In this how-to article, we will discuss the main techniques on how to add a custom link-layer dissector to Wireshark. This article can be used by anyone for any custom protocol and is also applicable to dissecting custom frame data by Wireshark when using the EMBEDnet “Protocol Emulation Tool Kit”
Reference: “Protocol Emulation Took Kit User guide” on how to create live frame captures when using Wireshark with LUA scripts.
Anything not covered in this how-to is left upto the reader to research.
General assumptions:
- All frame data is custom and does not reference an existing link-layer protocol
- Frame data can be directed to Wireshark using a standard pcap format live via pipes or sometime later using stored pcap file.
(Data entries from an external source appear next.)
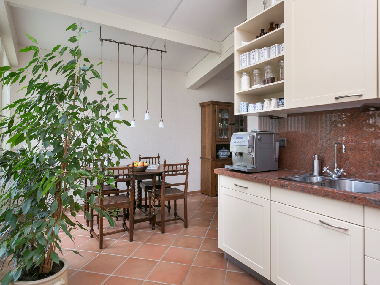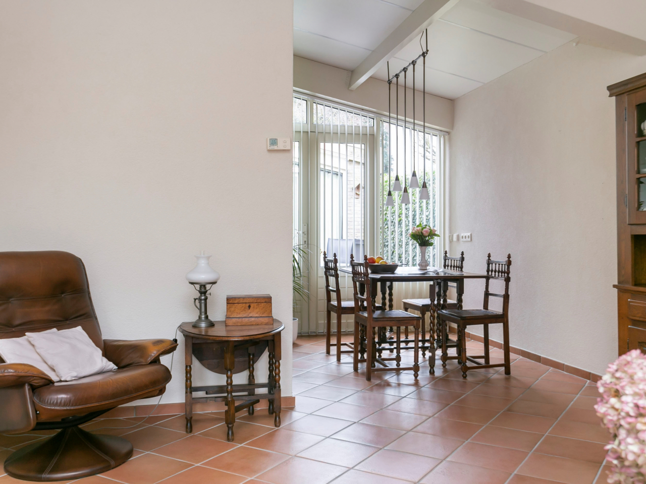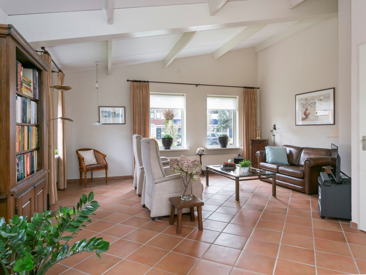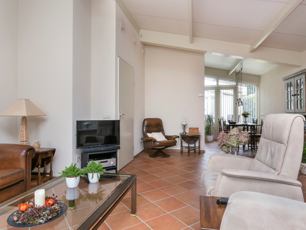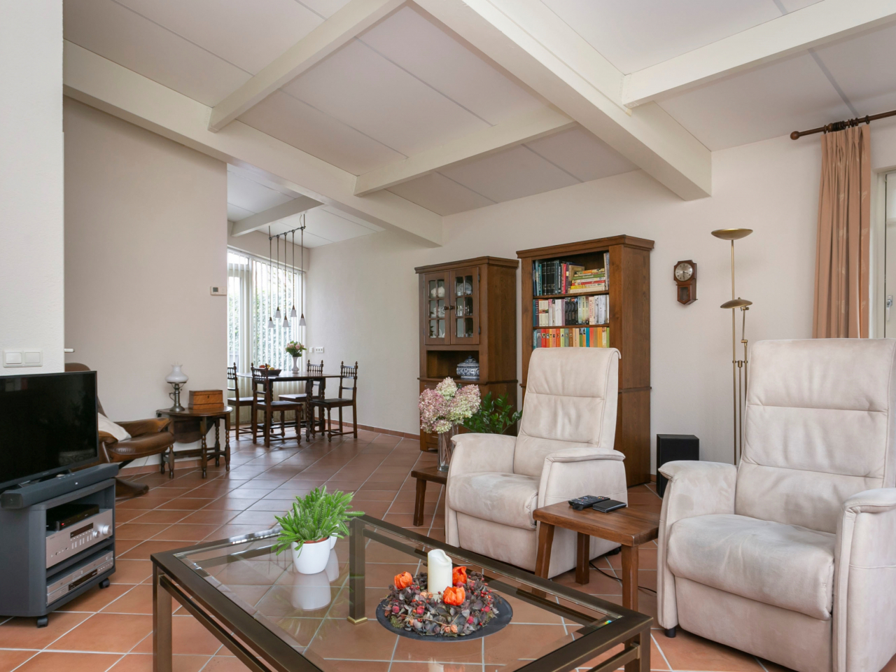 Overdekte entree en ruime hal met praktische garderobe. De woonkamer is verdeeld in een zithoek aan de voorzijde en een eethoek aan de achterzijde van de woning met een openslaande deuren naar de patio met groot zonnescherm (elektrisch bedienbaar met wind-zon voorziening). Aansluitend aan de eethoek bevindt zich de open keuken voorzien van een granieten werkblad, 1½ spoelbak, 4 pits gaskookplaat met een handige elektrische warmhoudplaat, afzuigkap, combi-magnetron, koelkast, vaatwasser en voldoende opbergkasten waaronder een pannen- carrousel. Tegenover de open keuken is nu een eettafel geplaatst zodat iedereen gezellig kan aanschuiven terwijl er gekookt wordt. De royale woonkamer en keuken hebben een fijne lichtinval en een hoog plafond wat een aangenaam ruimtelijk gevoel geeft.
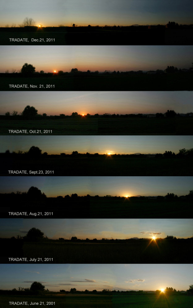 , have been trying for a couple of years to take images of the Sun setting from the same location on the 21st of the month for several months in a row to show the link between the changing seasons and the movement of the Sun in our sky. The group specializes in outreach to schools and had a goal creating a mosaic of sunsets in 2009, the International Year of Astronomy. However, due to cloudy skies, they weren't able to successfully obtain the sunset images until the second half of 2011.
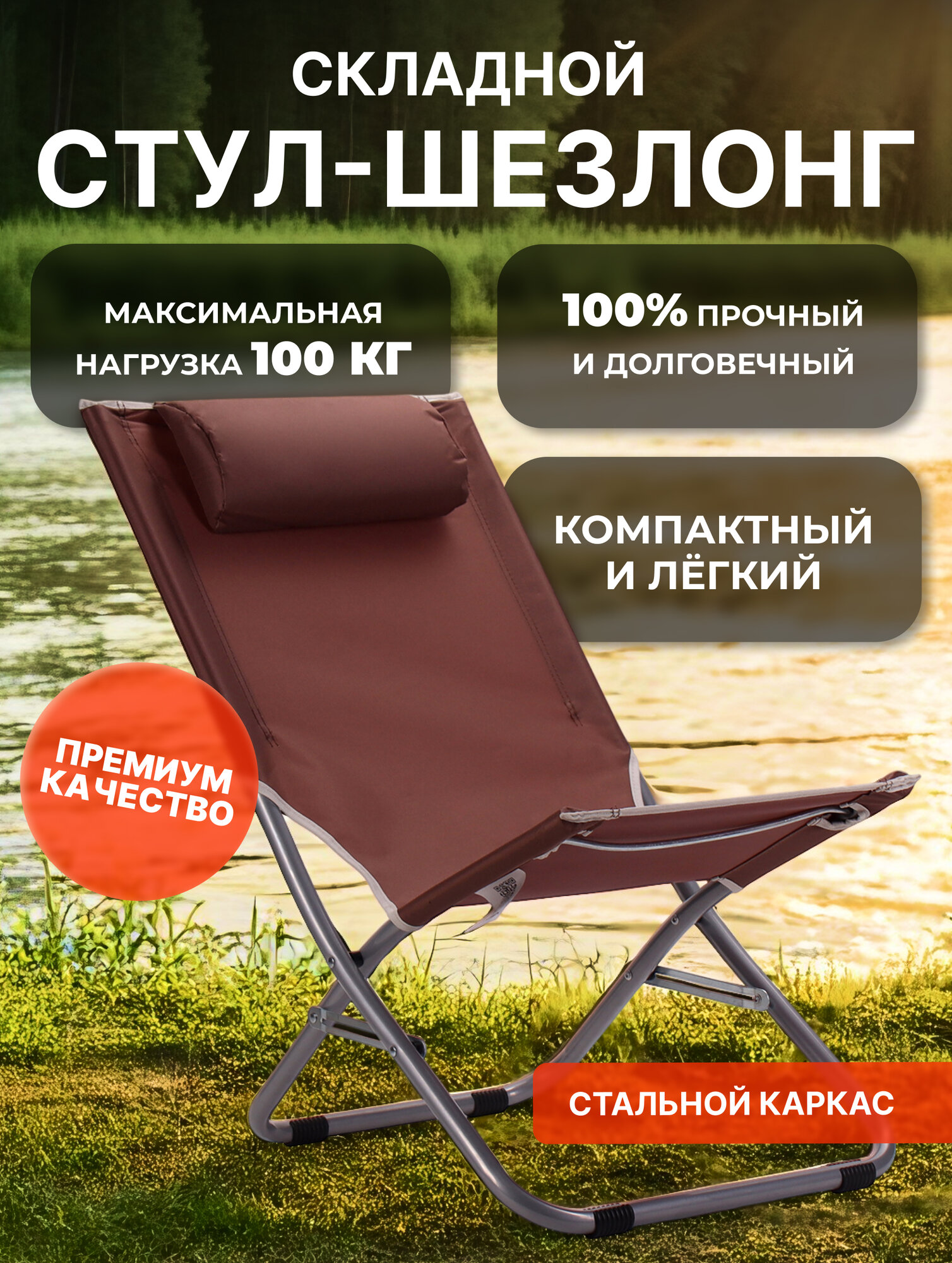Отзывы на Стул-шезлонг складной GALEONTRADE, с подголовником, металл, полиэстер, 72x48x76см

There are several methods on how-to write Wireshark dissectors, two of the most common are: compiled “C” dissector and LUA script. Here, we will be using LUA scripts to implement our custom link-layer dissector.
Some of the key points with custom dissectors are:
- A custom dissector needs to define its own dissector table. Most other dissectors, like those that use UDP frame data, reference a preexisting link-layer protocol, like Ethernet, or IEEE 802.15.4.
- User defined link layers are referenced in Wireshark within the range: 147-162 DLT_USER0-DLT_USER15
- A custom dissector needs to be manually registered in Wireshark whereas pre-configured link-layer based dissectors do not require manual registration.
The general process for creating a custom dissector is:
- Find an example dissector as a base to modify and create your new dissector. Just do a www search on “Wireshark LUA scripts”. An example lua script will be provided as a reference below.
- Reference the LUA script documentation as needed.
- Use your frame header structure as a reference when creating the output format for the dissector.
- Step through your header structure data and specify the output format for each structure member within the LUA script.
- Make sure that the LUA script is complete.
- Test the LUA script.
Our example dissector will be based on the following packet structure:
[UINT8:size][UINT8:dest][UINT8:src][UINT8:seq][UINT8:data-0..data-n][UINT8:chksum]
Here is our example.lua script. Free free to copy this for your own use.
Note how the custom dissector table is created and referenced within the script and the custom link-layer 147 is used.
DissectorTable.new(“example-table”)
example_protocol.fields = { message_length,dest,src,seq,cont }
function example_protocol.init()
DissectorTable.get(“example-table”):add(147, example_protocol)
end
function example_protocol.dissector(buffer, pinfo, tree)
length = buffer:len()
if length == 0 then return end
— these are the column displayed in wireshark.
— to add/remove columns, rt click on the column and edit
— add the column data here, reference pinfo for available data types
pinfo.cols.protocol = example_protocol.name
pinfo.cols.dst = buffer(1,1):uint()
pinfo.cols.src = buffer(2,1):uint()
pinfo.cols.net_dst = buffer(4,1):uint()
local subtree = tree:add(example_protocol, buffer(), “Tpeer Protocol Data”)
subtree:add_le(message_length, buffer(0,1))
subtree:add_le(dest, buffer(1,1))
subtree:add_le(src, buffer(2,1))
subtree:add_le(seq, buffer(3,1))
subtree:add_le(cont, buffer(4,1))
end
— for custom protocols not based on an existing dissector protocol:
— need to add protocol to: wireshark: edit->preferences->protocols->DLT_USER->new->Payload protocol=”protocol name”
— where protocol name is name from arg1 of Proto() definition above
table = DissectorTable.get(“example-table”)
table:add(147, example_protocol)
Registering the custom dissector in wireshark:
1. Navigate to: Edit->Preferences->Protocols->DSLT_USER->Edit->new
2. Select the DLT user value that matches the DTL used in the LUA script:(147)
3. Set Payload protocol = First string argument of the Proto() LUA call.
4. Example: in example.lua, example_protocol = Proto(“example”, “example protocol”)
5. Use “example” as the Payload protocol
Now, if example.lua is used, frame data generated from the “Protocol Emulator Tool Kit” can be dissected using this script and wireshark will display the dissected frame data. Wireshark filters may also be applied to the frame data capture session.